Field of Science

A Spider for Christmas

Hasselt's spiny spider Macracantha hasselti, copyright Patrick Randall.

In many warmer parts of the Old World, the spiny orb-weavers of the subfamily Gasteracanthinae are among the most eye-catching of all spiders. As well as constructing complex, easily seen webs in the manner of other orb-weavers, these spiders draw attention by their bright colours and ornate structure, often with prominent arrangements of spines on the abdomen. Here in Australia, their dramatic appearance has lead to their often being referred to as "Christmas spiders". The exact reason for this drama is uncertain. The spines are generally presumed to be for defence but the coloration has been subject to multiple proposals from an aposematic warning to functioning as a lure for flying insects.

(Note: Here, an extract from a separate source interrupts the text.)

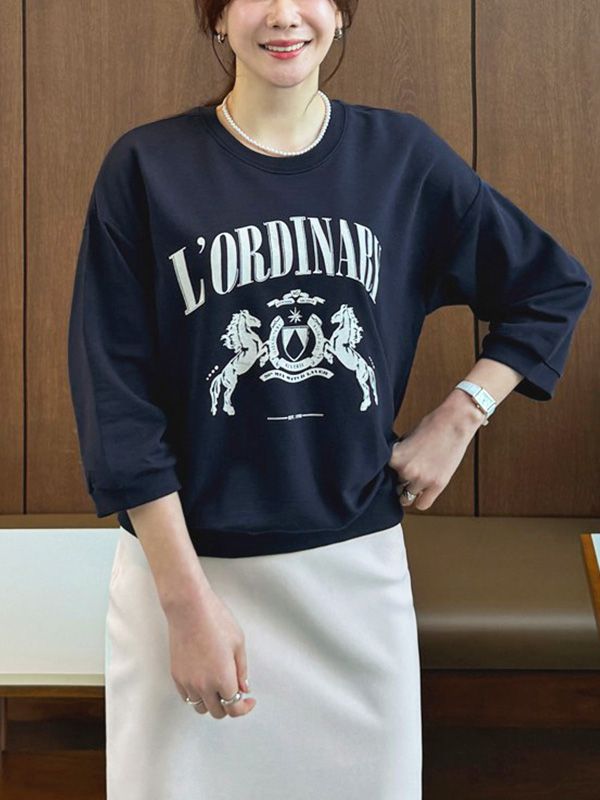 【C56032】韓國JAM 馬兒徽章大學T-個性字母圓領七分寬袖印花上衣

Variants of Gasteracantha kuhli, from Macharoenboon et al. (2021).

The taxonomic history of the Christmas spiders is a complicated one, going back to the early years of arachnology. Not surprisingly for such distinctive animals, a large number of species were described by early authors. However, species of spiny orb-weavers are often very variable, leading to a significant number being described as new on more than one occasion. As with other orb-weavers, males are much smaller than females, and the spines on the abdomen tend to be more poorly developed. Coloration within a species can vary considerably in brightness, tone, and patterning. Structural features such as the arrangement of spines and the development of sigilla (impressions on the dorsal surface of the abdomen that mark the placement of internal muscles) can still provide reliable indicators of species identity, as (of course) can features of the genitalia. You have to learn to look past the superficial daubings and focus on the underlying form.